## [What you will do]
Somewhere below, one line contains "2 模型為便攜式外觀設(sh" and a later line contains "A 1965 Triumph". Output those two lines and everything between them exactly, and nothing else.
BEGIN Given data
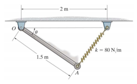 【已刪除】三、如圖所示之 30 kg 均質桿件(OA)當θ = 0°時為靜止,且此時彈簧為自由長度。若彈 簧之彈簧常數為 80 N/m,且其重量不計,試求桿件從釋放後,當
END Given data
BEGIN Given data
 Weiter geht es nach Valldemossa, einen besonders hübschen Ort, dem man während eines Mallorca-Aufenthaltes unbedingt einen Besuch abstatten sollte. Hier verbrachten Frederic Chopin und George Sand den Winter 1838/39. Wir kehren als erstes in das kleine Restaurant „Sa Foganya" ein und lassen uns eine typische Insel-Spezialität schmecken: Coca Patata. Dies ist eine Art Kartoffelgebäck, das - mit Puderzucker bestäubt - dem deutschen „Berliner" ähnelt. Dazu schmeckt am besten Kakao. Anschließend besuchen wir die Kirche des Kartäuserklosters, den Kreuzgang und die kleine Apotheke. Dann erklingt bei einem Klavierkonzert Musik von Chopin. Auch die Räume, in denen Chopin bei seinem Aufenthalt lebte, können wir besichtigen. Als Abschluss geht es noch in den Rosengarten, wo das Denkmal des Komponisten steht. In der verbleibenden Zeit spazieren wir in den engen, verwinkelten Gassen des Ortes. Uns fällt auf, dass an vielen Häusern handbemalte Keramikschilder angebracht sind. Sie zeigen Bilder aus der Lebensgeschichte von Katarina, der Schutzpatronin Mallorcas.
END Given data
BEGIN Given data
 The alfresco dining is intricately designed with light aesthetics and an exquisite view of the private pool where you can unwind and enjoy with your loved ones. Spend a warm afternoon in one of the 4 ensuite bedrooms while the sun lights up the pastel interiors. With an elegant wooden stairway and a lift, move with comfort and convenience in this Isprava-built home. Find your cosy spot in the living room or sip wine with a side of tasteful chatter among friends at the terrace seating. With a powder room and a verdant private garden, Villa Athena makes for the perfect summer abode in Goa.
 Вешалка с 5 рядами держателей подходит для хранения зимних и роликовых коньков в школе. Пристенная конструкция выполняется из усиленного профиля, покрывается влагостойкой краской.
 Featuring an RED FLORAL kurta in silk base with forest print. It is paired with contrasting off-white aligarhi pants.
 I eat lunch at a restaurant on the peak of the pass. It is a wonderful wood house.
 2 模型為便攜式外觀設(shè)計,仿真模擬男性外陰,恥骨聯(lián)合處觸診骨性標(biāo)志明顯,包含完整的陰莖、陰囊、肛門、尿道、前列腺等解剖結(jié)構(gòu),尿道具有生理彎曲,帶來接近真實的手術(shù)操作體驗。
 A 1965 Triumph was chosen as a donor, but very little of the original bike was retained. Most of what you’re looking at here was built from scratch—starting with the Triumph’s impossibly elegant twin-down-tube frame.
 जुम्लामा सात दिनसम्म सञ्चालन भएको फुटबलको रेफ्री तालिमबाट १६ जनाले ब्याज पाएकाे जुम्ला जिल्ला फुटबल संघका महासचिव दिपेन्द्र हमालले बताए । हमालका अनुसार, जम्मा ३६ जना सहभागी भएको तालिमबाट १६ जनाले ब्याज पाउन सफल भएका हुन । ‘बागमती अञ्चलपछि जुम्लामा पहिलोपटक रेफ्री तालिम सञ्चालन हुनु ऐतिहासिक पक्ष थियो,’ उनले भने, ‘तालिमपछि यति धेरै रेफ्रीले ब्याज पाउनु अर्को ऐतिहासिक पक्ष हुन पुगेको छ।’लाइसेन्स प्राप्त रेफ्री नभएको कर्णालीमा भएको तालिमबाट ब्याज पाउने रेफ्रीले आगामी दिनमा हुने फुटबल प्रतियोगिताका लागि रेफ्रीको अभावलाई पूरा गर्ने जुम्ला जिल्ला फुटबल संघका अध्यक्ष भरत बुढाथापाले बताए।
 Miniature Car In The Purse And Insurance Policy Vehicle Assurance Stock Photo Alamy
END Given data
## [Response]
 2 模型為便攜式外觀設(shè)計,仿真模擬男性外陰,恥骨聯(lián)合處觸診骨性標(biāo)志明顯,包含完整的陰莖、陰囊、肛門、尿道、前列腺等解剖結(jié)構(gòu),尿道具有生理彎曲,帶來接近真實的手術(shù)操作體驗。
 A 1965 Triumph was chosen as a donor, but very little of the original bike was retained. Most of what you’re looking at here was built from scratch—starting with the Triumph’s impossibly elegant twin-down-tube frame.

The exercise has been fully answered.